AIM OF THE TASK:
Copy the listing exactly; drop the pictures.

EXERCISE DATA:
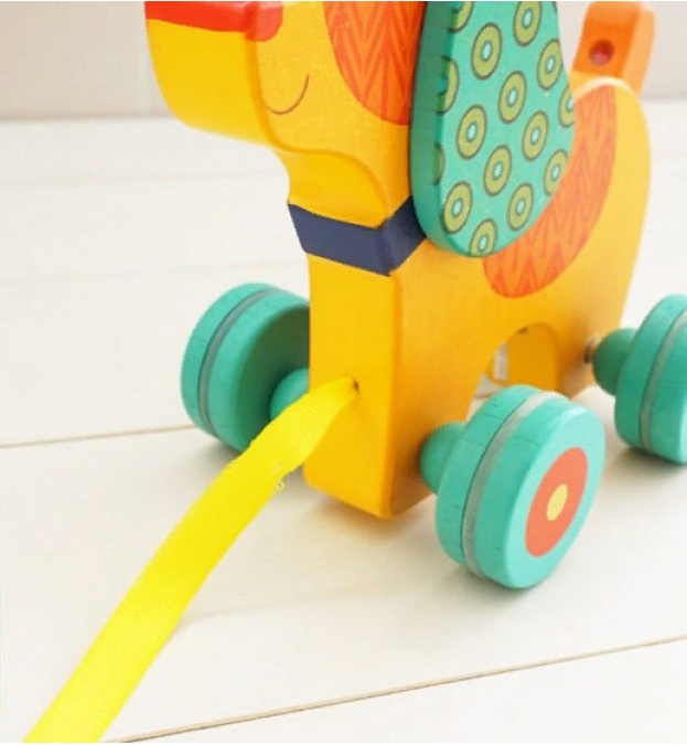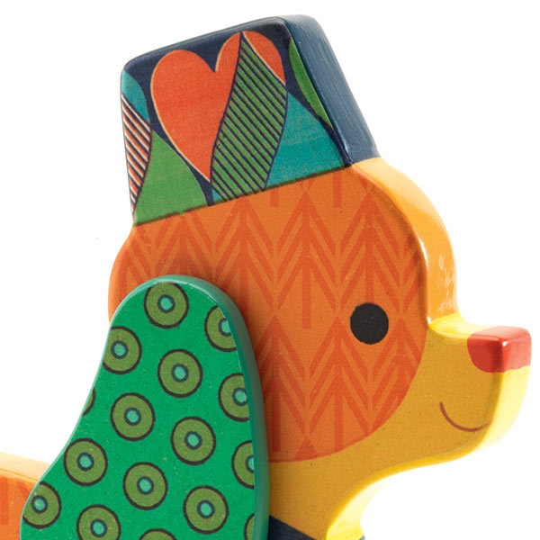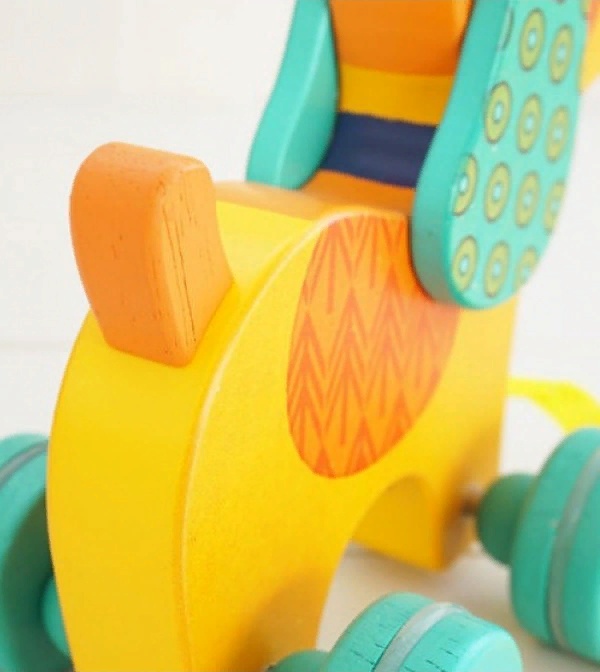 Деревянная каталка впечатлит ребенка и взрослого своим необычным и ярким дизайном. Песик станет лучшим компаньоном вовремя прогулок крохи. Катая ее за собой за ленточку, ребенок приобретет уверенность в движениях, укрепит мышцы ног и потренирует координацию движений.
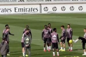 体育资讯3月6日讯 北京时间明天凌晨4时,西甲第27轮皇马将在客场对战塞尔塔。赛前记者Miguel Angel Diaz在社媒晒出皇马赛前训练的照片,此前因牙疼缺阵的卡马文加出现在训练场上。
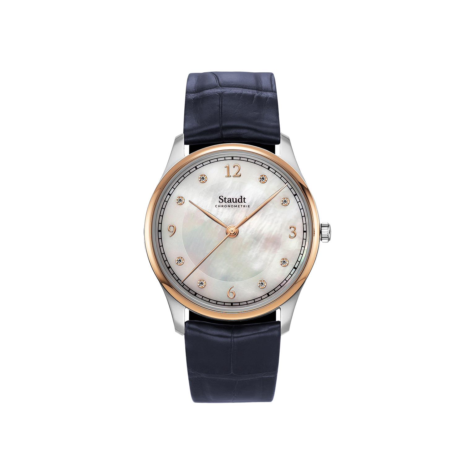 Prelude Petite Plus. A ladies' watch that exudes timeless elegance: slim in shape, understated in appearance, but rich in detail. The natural mother-of-pearl dial is given a warm glow by the sparkle of natural diamonds and the solid 18-carat rose gold bezel. Personalise the dial and wear a piece that is entirely your own.

EXERCISE ANSWER:
 Деревянная каталка впечатлит ребенка и взрослого своим необычным и ярким дизайном. Песик станет лучшим компаньоном вовремя прогулок крохи. Катая ее за собой за ленточку, ребенок приобретет уверенность в движениях, укрепит мышцы ног и потренирует координацию движений.
 体育资讯3月6日讯 北京时间明天凌晨4时,西甲第27轮皇马将在客场对战塞尔塔。赛前记者Miguel Angel Diaz在社媒晒出皇马赛前训练的照片,此前因牙疼缺阵的卡马文加出现在训练场上。
 Prelude Petite Plus. A ladies' watch that exudes timeless elegance: slim in shape, understated in appearance, but rich in detail. The natural mother-of-pearl dial is given a warm glow by the sparkle of natural diamonds and the solid 18-carat rose gold bezel. Personalise the dial and wear a piece that is entirely your own.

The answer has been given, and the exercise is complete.